Compressing Feature Flags and Config Records at the Edge
Feature flags and config are read on nearly every request. Shrinking these tiny records cuts read egress where it hurts most.
Read on Every Request
Feature flags and configuration records have an unusual cost profile: they are small, but they are read constantly. A flag set checked on every page load, a config blob fetched on every cold start — these reads dominate the cost of the data far more than its storage at rest.
Small and Structured
A flag record is a perfect smoltext payload:
{"new_checkout":true,"beta_ui":false,"max_items":50,"region":"us-east","tier":"pro"}
Around 82 bytes. It is structured, low-entropy, and highly repetitive across users — the keys are identical for everyone, and the values draw from a small vocabulary. The trained codebook and dictionary deflate collapse this efficiently.
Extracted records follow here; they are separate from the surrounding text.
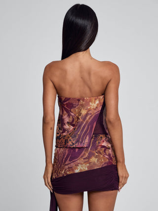 Crafted from printed mesh, this mini features a billowed bodice that flows into a sculpted, body-con skirt. The sheer side cut-out adds a touch of edge, while the contrast mesh tie detail at the hem brings playful texture and movement. Finished with an invisible zip closure, she’s designed to flatter your figure from every angle.
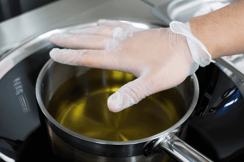 Разогреть масло до 190–210 градусов. Если дома нет термометра, нужно полагаться на ощущения: руке над маслом должно быть горячо, но не слишком, не так, чтобы хотелось немедленно ее убрать. Масло не должно кипеть — в слишком горячем масле перцы просто сгорят. Для проверки в масло можно капнуть кляр: если он в течение 2 минут станет золотистым, но не коричневым, можно кидать перцы.
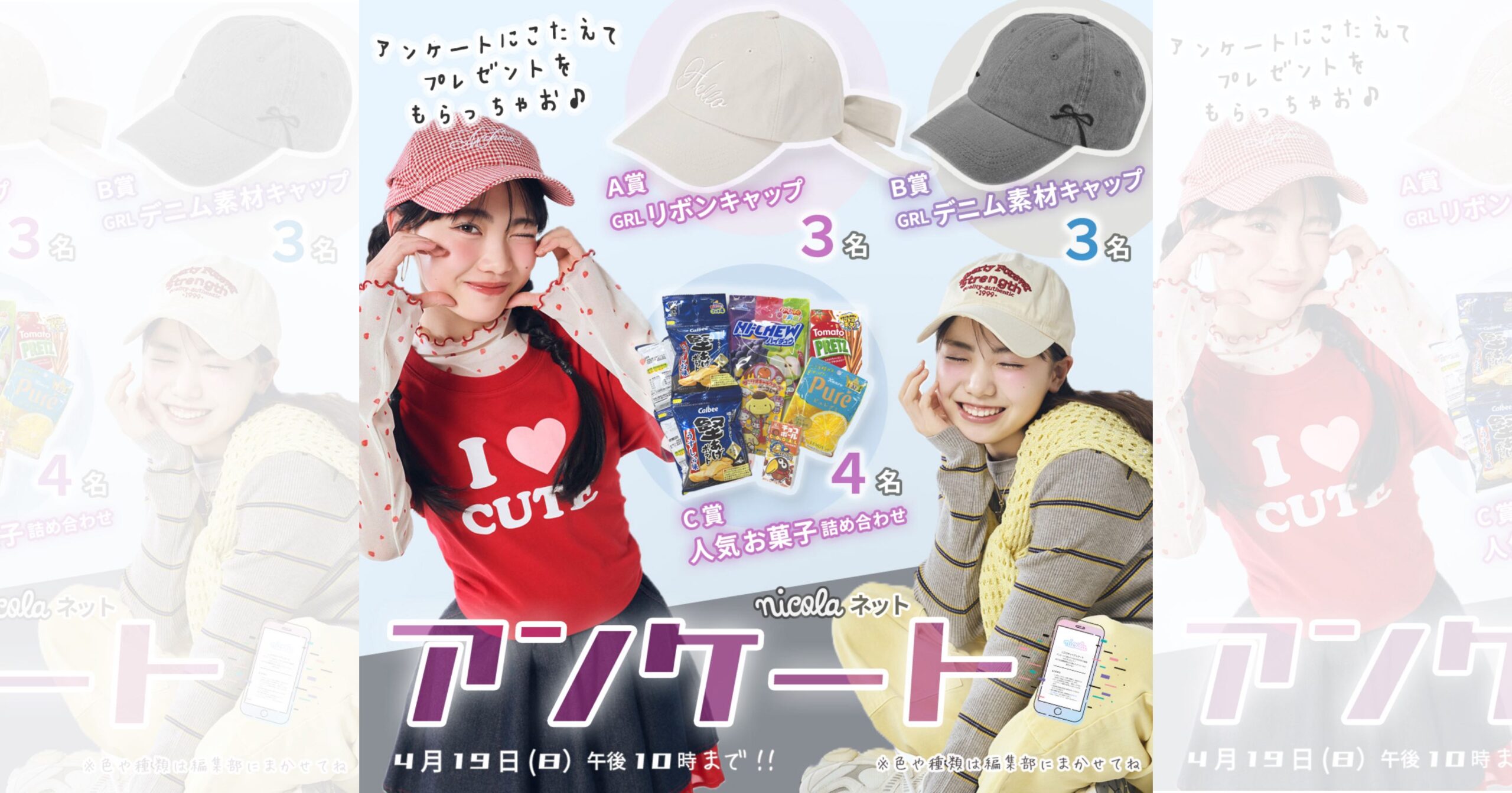 今週のネットアンケートはGRLのキャップや人気お菓子詰め合わせがもらえちゃう!
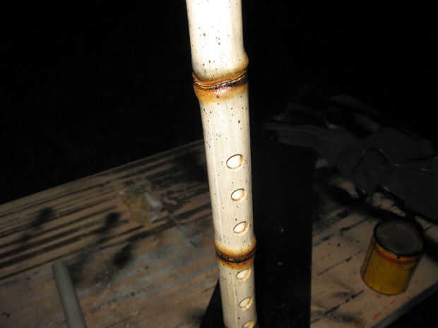 Siguiente utilicé un lápiz de pintura negra para resaltar los pliegues en los nodos. Cuando esta seco me froté la flauta todo con pinturas Rustoleum marrón. Me frotó los pliegues y los puntos bajos y pulir apagado. Hice esto varias veces hasta que la flauta todo era justo.
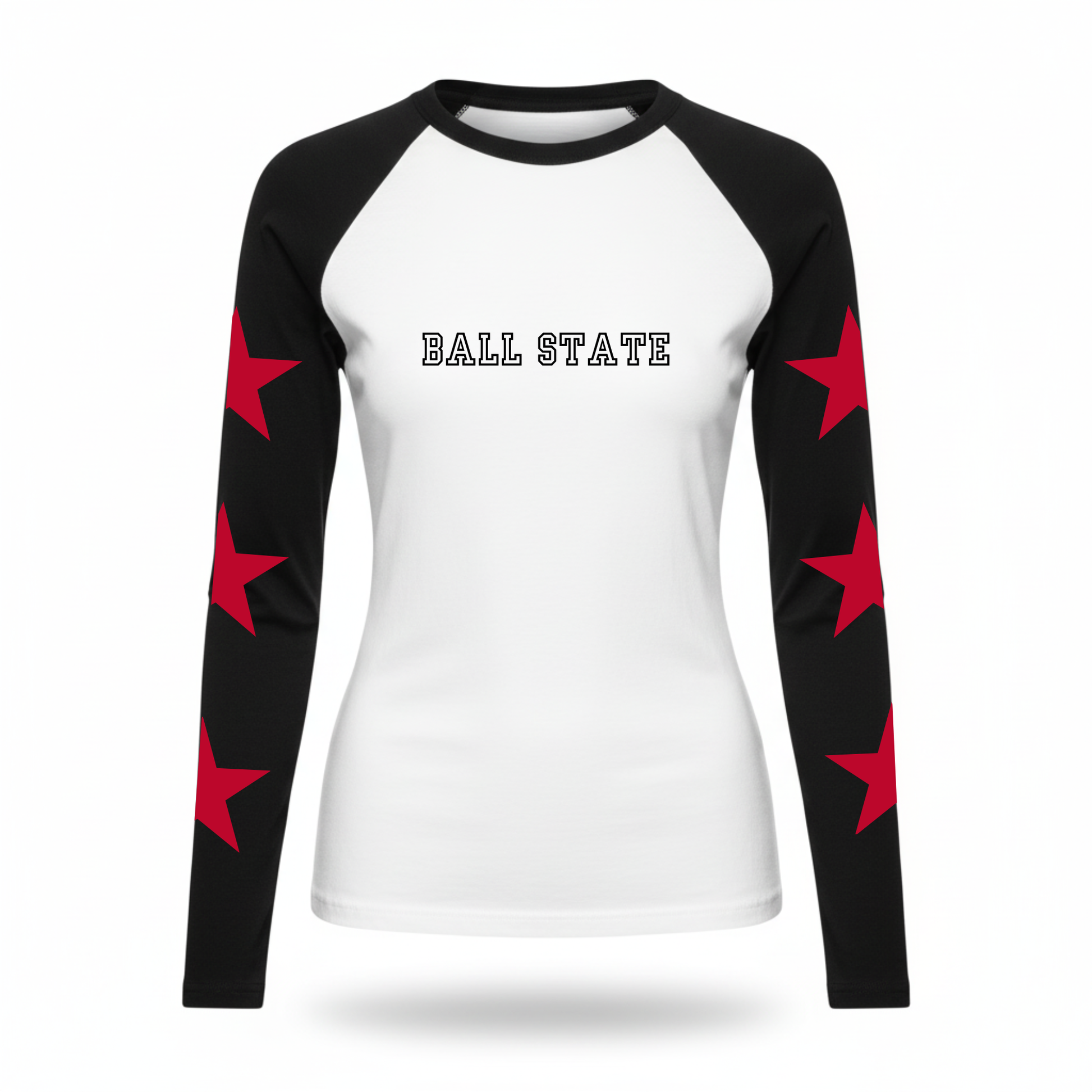 Fitted long sleeve shirt with outline text and star on the sleeves.

Why Read-Heavy Changes the Calculus
For most data, storage and read costs are comparable. For flags and config, reads can be orders of magnitude more frequent than writes. That means the read-egress savings from compression — smaller bytes transferred on every fetch — dominate the benefit. Compress once on write, save on millions of reads.
The Pattern
- On config publish, compress the record via https://api.smoltext.sprapp.com/v1/compress.
- Store the compact form in your edge KV or config store.
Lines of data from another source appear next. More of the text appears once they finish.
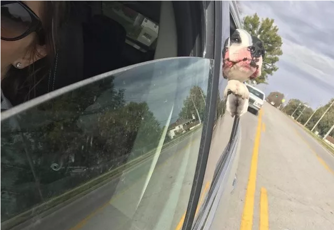 布莱恩把米奇带到车上,开车带着米奇出去巡视时,它在车上喜欢把鼻子放在车窗外。
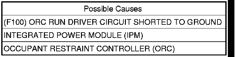- Repair the (F100) ORC Run Driver circuit for a short to ground.
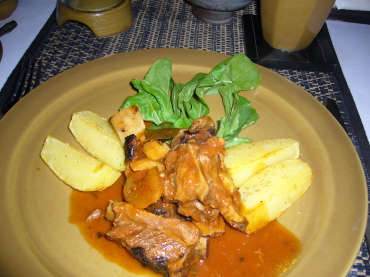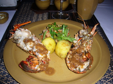 | 彼のメインはロブスターグリル(167000ルピア) | 私はテンダーポーク・スペアリブ(98000ルピア) 味はそのまんまケチャップ味! 不味くはないですが、なんとも安っぽい味・・・^^; |
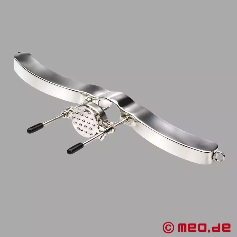 S Ultimate Humbler od MEO® nielenže dostanete každého submisívneho muža na kolená, ale ho tam aj udržíte. Táto BDSM pomôcka 4 v 1 kombinuje fixáciu semenníkov, natahovač semenníkov a tlak v elegantnom dizajne z lešteného hliníka. Pohyby bez povolenia? Nemožné. Semenníky sú bezpečne zafixované medzi stehnami a miešok sa dá natiahnuť plynule - až na 120 mm. Voliteľné hroty na prítlačnej doske navyše zabezpečujú intenzívne zážitky z CBT. Či už samostatne, alebo v kombinácii s inými BDSM hračkami: Pre všetkých, ktorí to s dominanciou myslia vážne
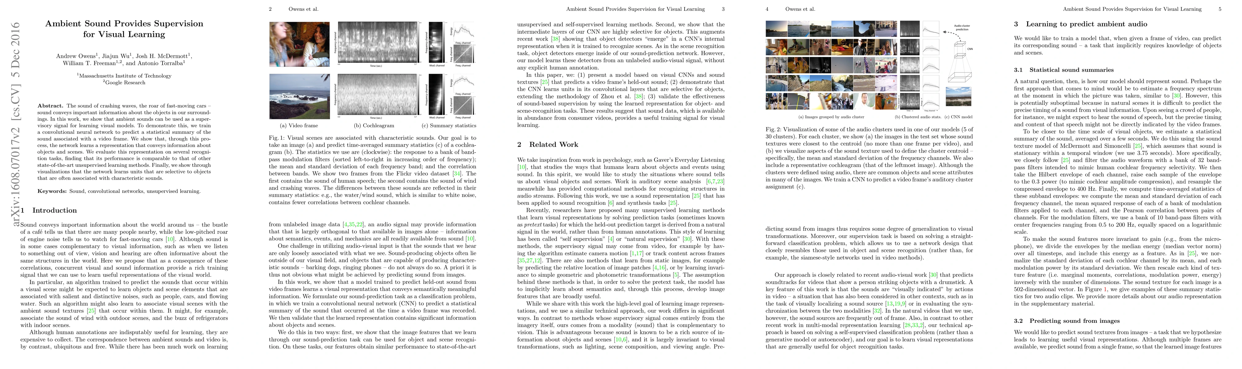 The sound of crashing waves, the roar of fast-moving cars -- sound conveys important information about the objects in our surroundings. In this work, we show that ambient sounds can be used as a supervisory signal for learning visual models. To demonstrate this, we train a convolutional neural network to predict a statistical summary of the sound associated with a video frame. We show that, through this process, the network learns a representation that conveys information about objects and scenes. We evaluate this representation on several recognition tasks, finding that its performance is comparable to that of other state-of-the-art unsupervised learning methods. Finally, we show through visualizations that the network learns units that are selective to objects that are often associated with characteristic sounds.
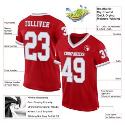 Custom Red White-Gray Mesh Authentic Football Jersey
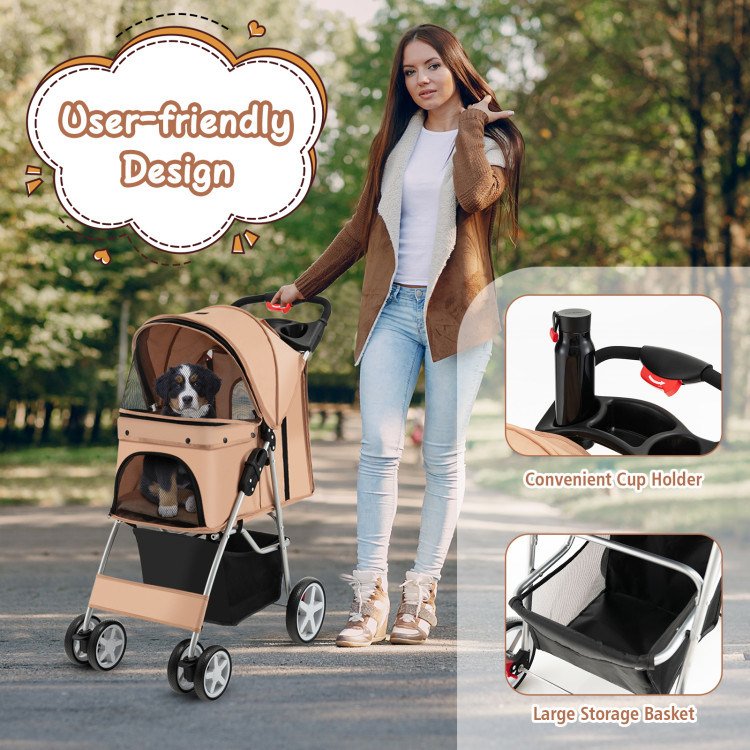 1.Portable and Folding Design: This pet stroller with quick-folding design and 11 lbs light weight is quite simple to carry and store. Therefore, you can hang out with your beloved furry friend without effort and create a perfect place for your pet to explore the outside world.
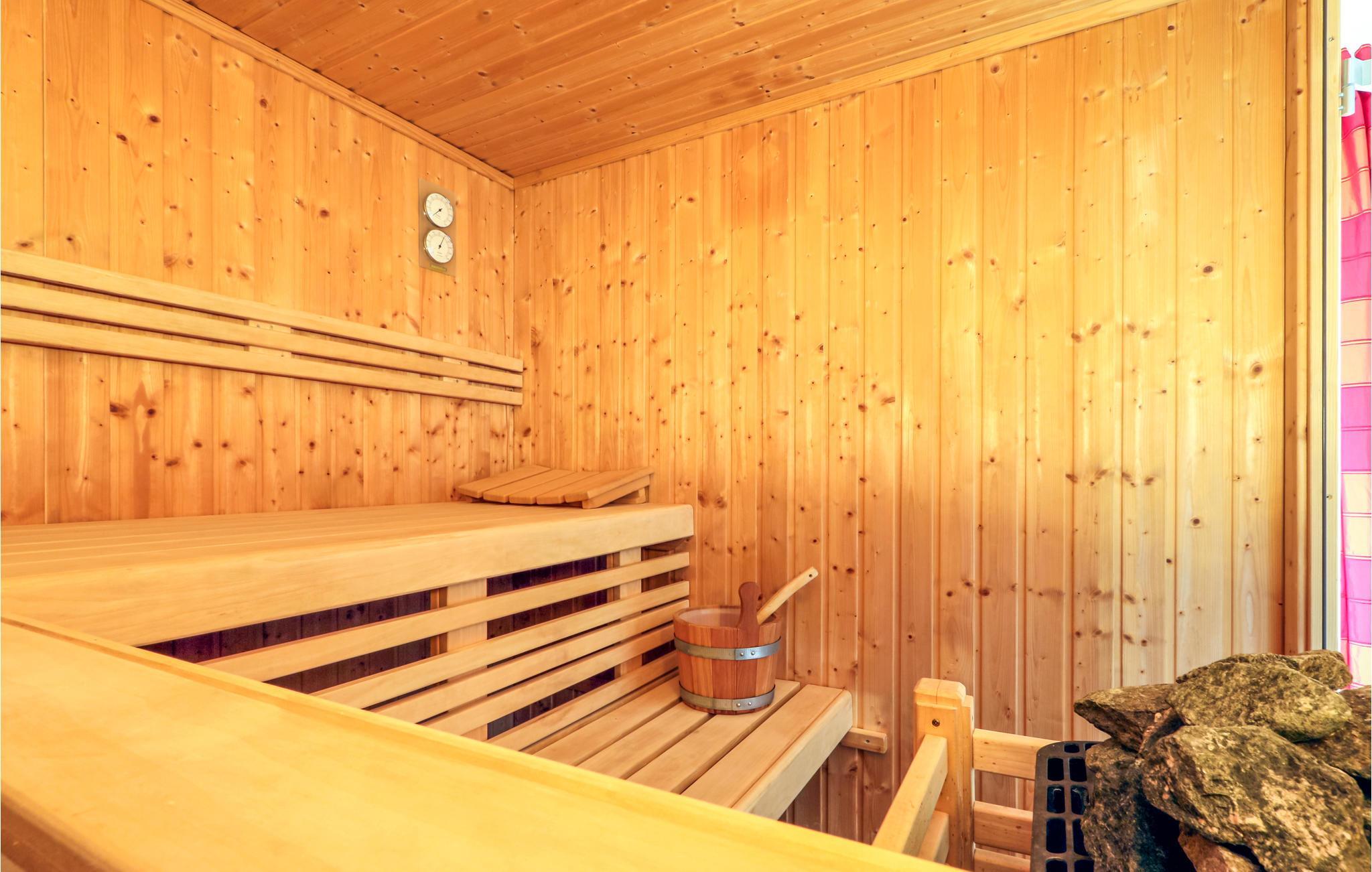 Huset fordeler sig over to etager og har med fire soveværelser plads nok til en afslappende ferie for syv personer og et kæledyr. I stueetagen er der en dejlig opholdsstue, et veludstyret køkken, et badeværelse og en sauna. De fire soveværelser og et andet badeværelse ligger på første sal i huset. Det smukke opholdsstue med en stor sofa og et langt spisebord lægger op til hyggelige aftener med familie eller venner.

- On read, decompress before evaluating flags.
Because compression and decompression are sub-millisecond at the edge, the flag-evaluation hot path stays fast.
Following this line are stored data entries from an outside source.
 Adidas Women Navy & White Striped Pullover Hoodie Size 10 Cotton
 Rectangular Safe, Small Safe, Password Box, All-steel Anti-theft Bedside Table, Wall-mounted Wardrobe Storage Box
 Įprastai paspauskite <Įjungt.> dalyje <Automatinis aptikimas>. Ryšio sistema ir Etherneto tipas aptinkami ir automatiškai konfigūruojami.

Caching the Decompressed Form
For extreme read rates, decompress once per worker instance and cache the plain object in memory. You pay decompression on cold start, then evaluate flags from the in-memory copy. This combines storage savings at rest with zero decompression cost on the hot path.
Versioning Flags
Keep a version marker on the compressed record so a worker can tell compressed from legacy formats during rollout. This lets you migrate gradually without a flag-day cutover.
What Stays Raw
If a config record grows large — a big allowlist, an embedded ruleset — reconsider. Large config is better served by a general compressor. smoltext targets the small flag-and-setting records that make up the bulk of high-frequency config reads, not large bundles.
Measuring the Win
Because reads dominate, model the savings on read volume, not storage. Take your flag-fetch rate, multiply by the byte reduction per fetch, and apply your per-byte read rate. For high-traffic applications, the read-egress savings on a compressed flag set add up quickly — and the integration is a thin wrapper around your existing config layer.